An exact copy is required of every line from the one with "3. Clearance around" through the end of the data below, and the pictures must stay out of it.

▸ TASK INPUTS:
***

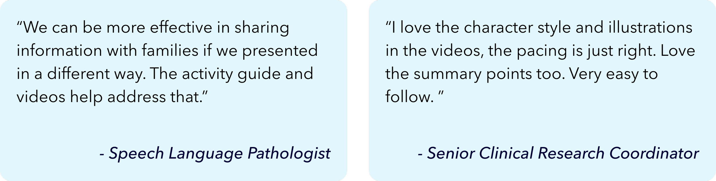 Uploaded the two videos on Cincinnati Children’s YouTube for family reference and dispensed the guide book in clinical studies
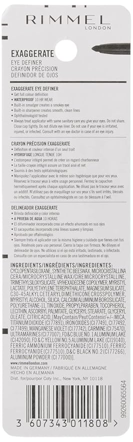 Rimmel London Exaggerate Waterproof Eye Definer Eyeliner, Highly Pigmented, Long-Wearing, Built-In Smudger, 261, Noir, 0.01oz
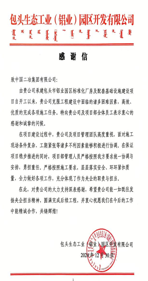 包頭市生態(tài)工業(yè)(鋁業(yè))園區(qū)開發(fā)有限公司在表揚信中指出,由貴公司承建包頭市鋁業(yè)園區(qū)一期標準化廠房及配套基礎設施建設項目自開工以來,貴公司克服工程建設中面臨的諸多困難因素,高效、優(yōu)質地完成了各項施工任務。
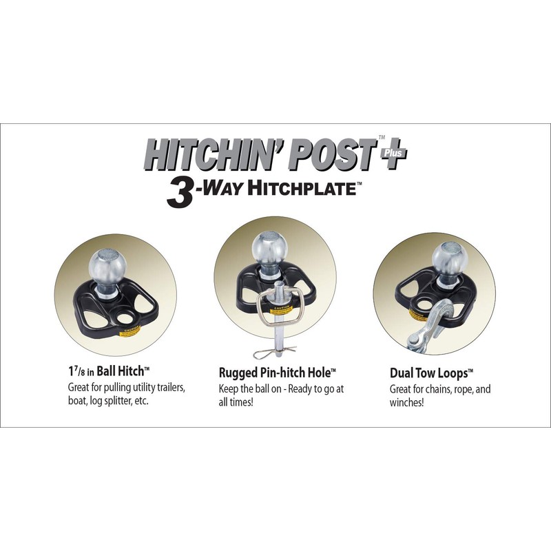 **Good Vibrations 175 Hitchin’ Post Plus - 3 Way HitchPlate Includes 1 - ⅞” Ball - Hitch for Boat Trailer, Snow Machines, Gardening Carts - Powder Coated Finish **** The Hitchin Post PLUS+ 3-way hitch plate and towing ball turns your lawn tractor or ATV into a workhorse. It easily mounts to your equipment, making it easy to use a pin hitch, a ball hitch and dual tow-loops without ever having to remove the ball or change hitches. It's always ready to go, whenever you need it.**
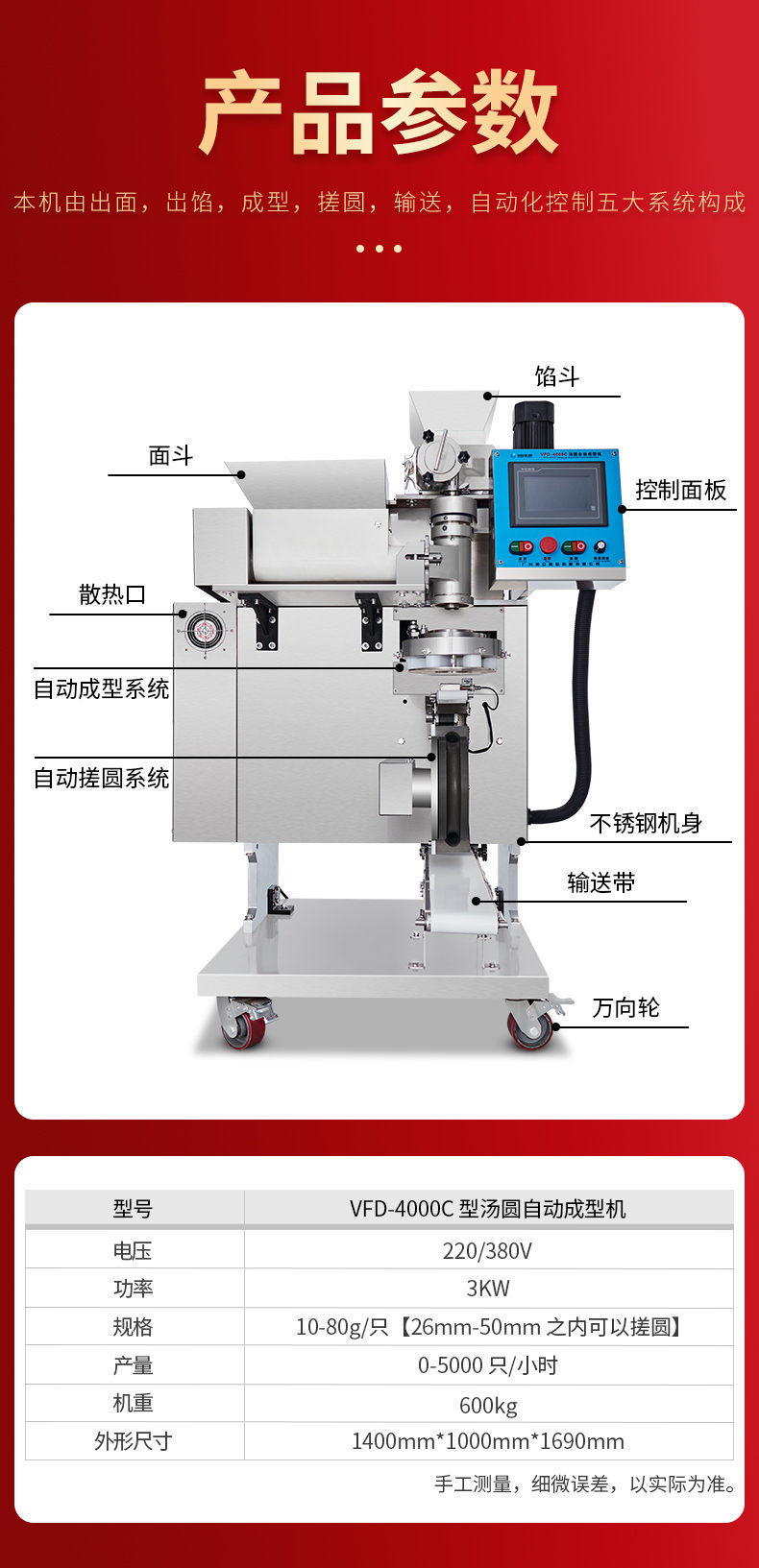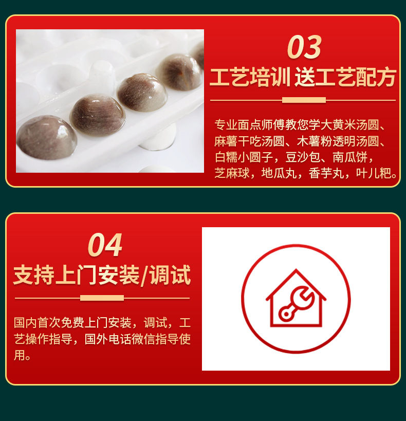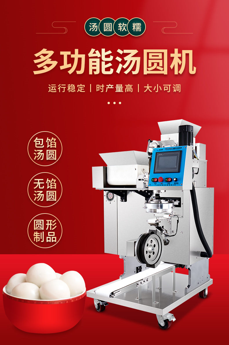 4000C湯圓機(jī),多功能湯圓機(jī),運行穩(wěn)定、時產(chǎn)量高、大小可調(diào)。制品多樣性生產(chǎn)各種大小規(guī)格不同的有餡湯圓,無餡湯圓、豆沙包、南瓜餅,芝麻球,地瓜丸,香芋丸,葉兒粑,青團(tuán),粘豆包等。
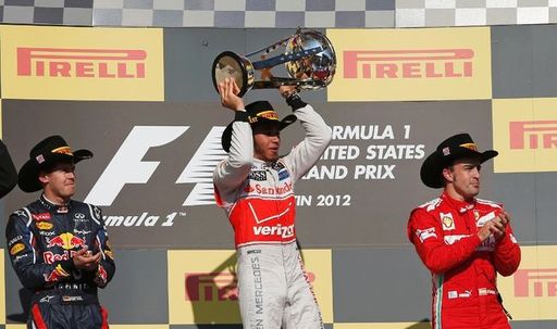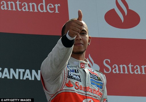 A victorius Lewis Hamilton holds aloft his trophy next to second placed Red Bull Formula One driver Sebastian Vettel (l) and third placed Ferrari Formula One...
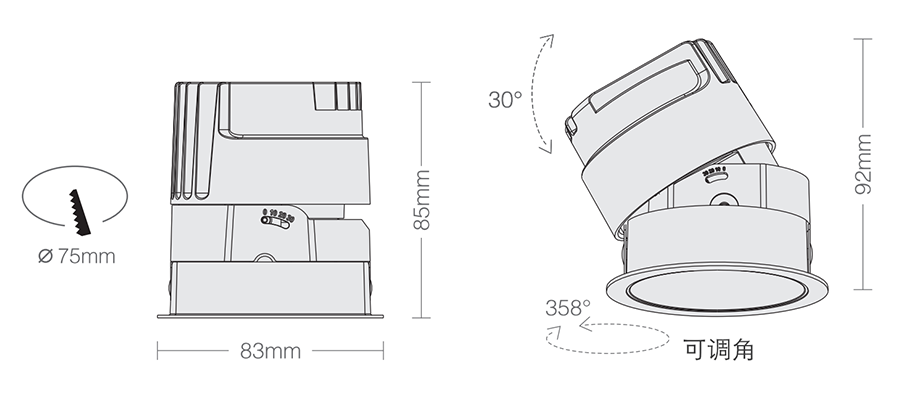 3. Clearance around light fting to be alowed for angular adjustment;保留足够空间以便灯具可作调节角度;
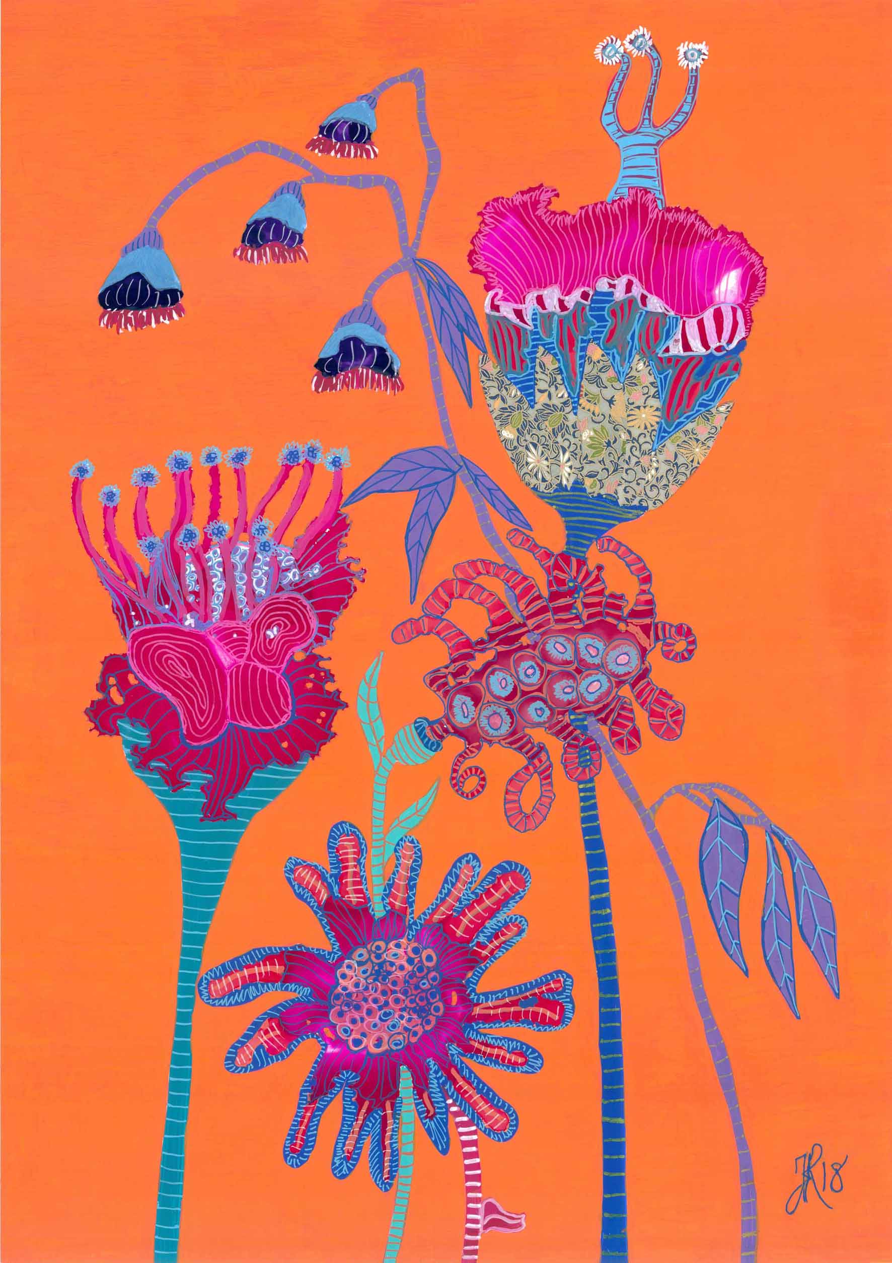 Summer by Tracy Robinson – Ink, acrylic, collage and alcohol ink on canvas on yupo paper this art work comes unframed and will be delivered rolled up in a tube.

***

▸ YOUR SOLUTION:
 3. Clearance around light fting to be alowed for angular adjustment;保留足够空间以便灯具可作调节角度;
 Summer by Tracy Robinson – Ink, acrylic, collage and alcohol ink on canvas on yupo paper this art work comes unframed and will be delivered rolled up in a tube.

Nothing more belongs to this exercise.